TASK DESCRIPTION:
In the data below, find the line that contains "Schulterfreies Meerjungfrauen Schwarz" and the line that contains "Dünyanın en önemli". Copy both, plus every line between them, exactly.

DATASET RECORDS:
——
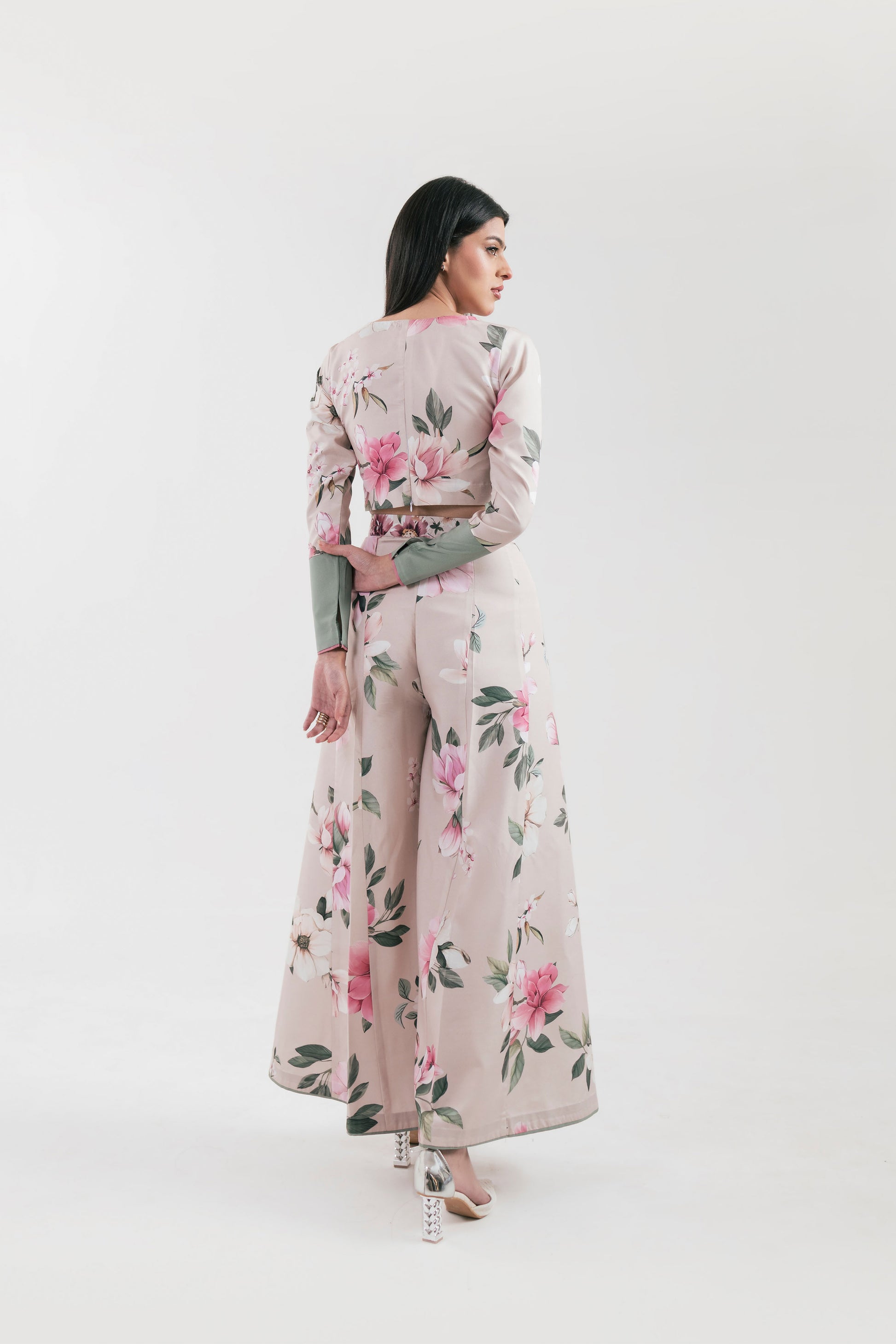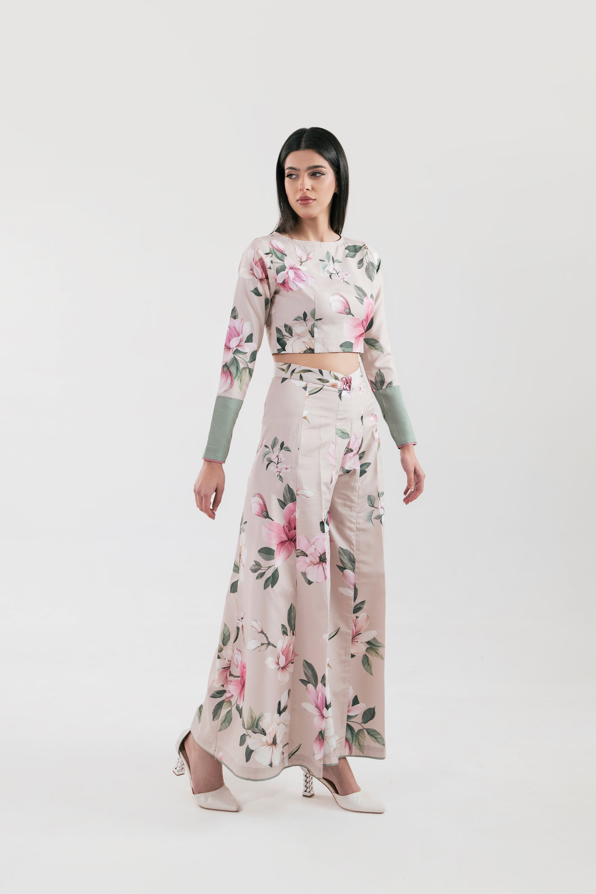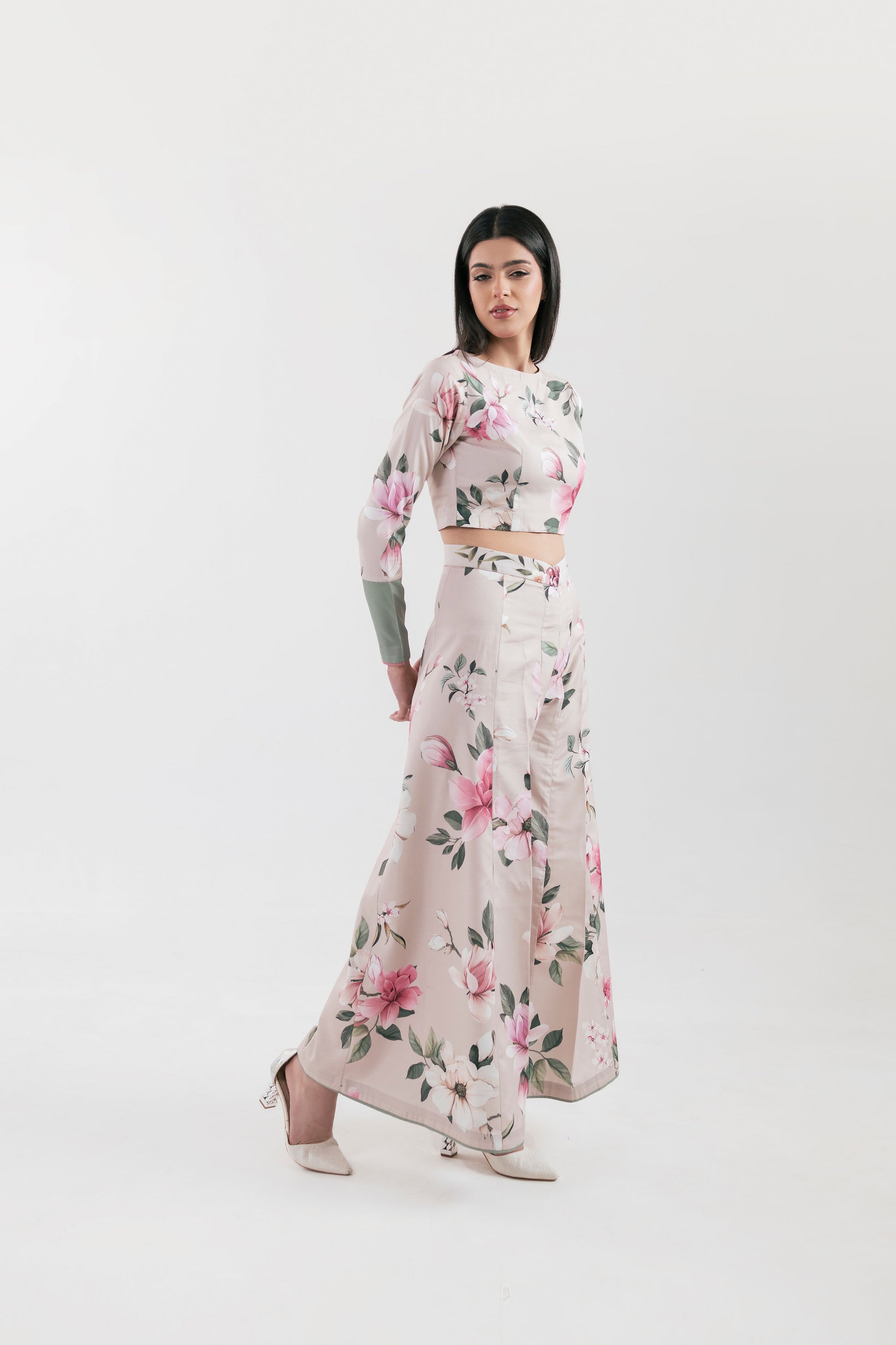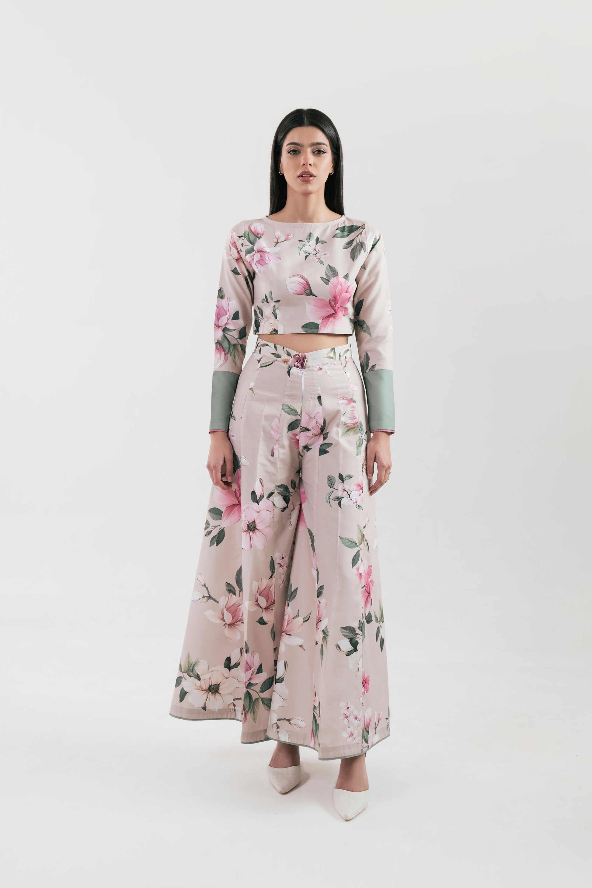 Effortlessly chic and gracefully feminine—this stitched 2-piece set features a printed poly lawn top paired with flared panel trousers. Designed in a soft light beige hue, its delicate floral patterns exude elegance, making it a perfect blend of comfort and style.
——
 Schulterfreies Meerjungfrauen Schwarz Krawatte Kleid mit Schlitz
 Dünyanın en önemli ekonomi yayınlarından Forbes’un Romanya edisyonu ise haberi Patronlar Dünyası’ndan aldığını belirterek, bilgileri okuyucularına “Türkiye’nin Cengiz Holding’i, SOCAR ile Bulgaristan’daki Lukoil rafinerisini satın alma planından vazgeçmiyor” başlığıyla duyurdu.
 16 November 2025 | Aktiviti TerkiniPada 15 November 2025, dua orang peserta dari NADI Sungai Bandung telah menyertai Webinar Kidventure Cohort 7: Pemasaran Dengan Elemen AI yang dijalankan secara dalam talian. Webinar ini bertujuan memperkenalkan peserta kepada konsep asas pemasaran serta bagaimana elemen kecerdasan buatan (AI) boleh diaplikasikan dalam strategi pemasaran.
——
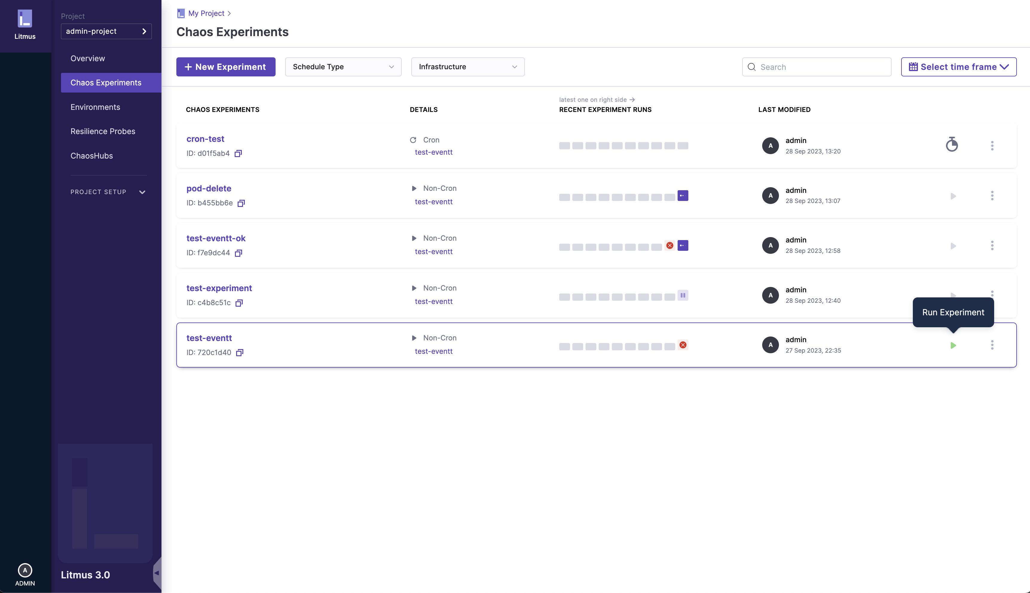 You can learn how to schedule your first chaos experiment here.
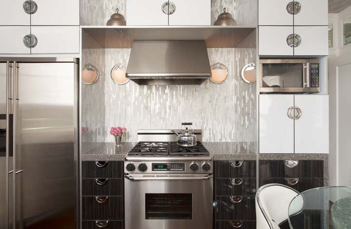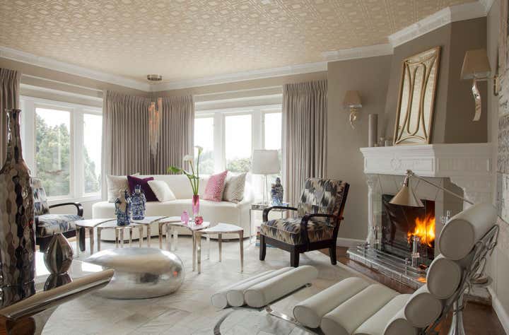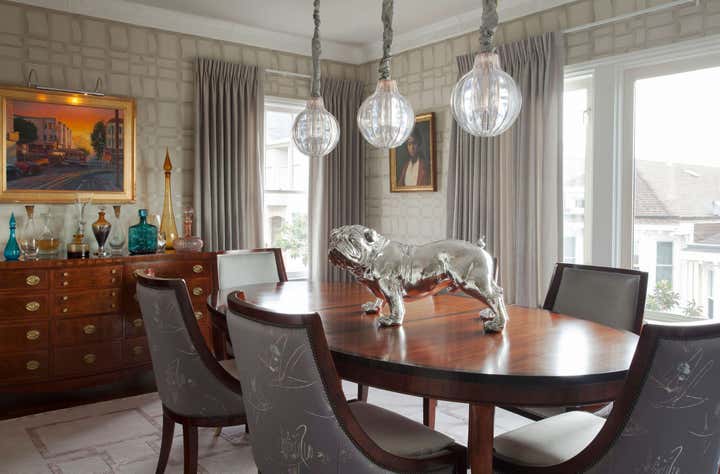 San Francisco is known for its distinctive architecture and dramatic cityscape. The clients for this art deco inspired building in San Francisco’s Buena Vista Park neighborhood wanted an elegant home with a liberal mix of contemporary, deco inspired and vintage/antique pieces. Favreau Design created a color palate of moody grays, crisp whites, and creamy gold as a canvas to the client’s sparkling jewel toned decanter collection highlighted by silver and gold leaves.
——
WRITTEN RESPONSE:
 Schulterfreies Meerjungfrauen Schwarz Krawatte Kleid mit Schlitz
 Dünyanın en önemli ekonomi yayınlarından Forbes’un Romanya edisyonu ise haberi Patronlar Dünyası’ndan aldığını belirterek, bilgileri okuyucularına “Türkiye’nin Cengiz Holding’i, SOCAR ile Bulgaristan’daki Lukoil rafinerisini satın alma planından vazgeçmiyor” başlığıyla duyurdu.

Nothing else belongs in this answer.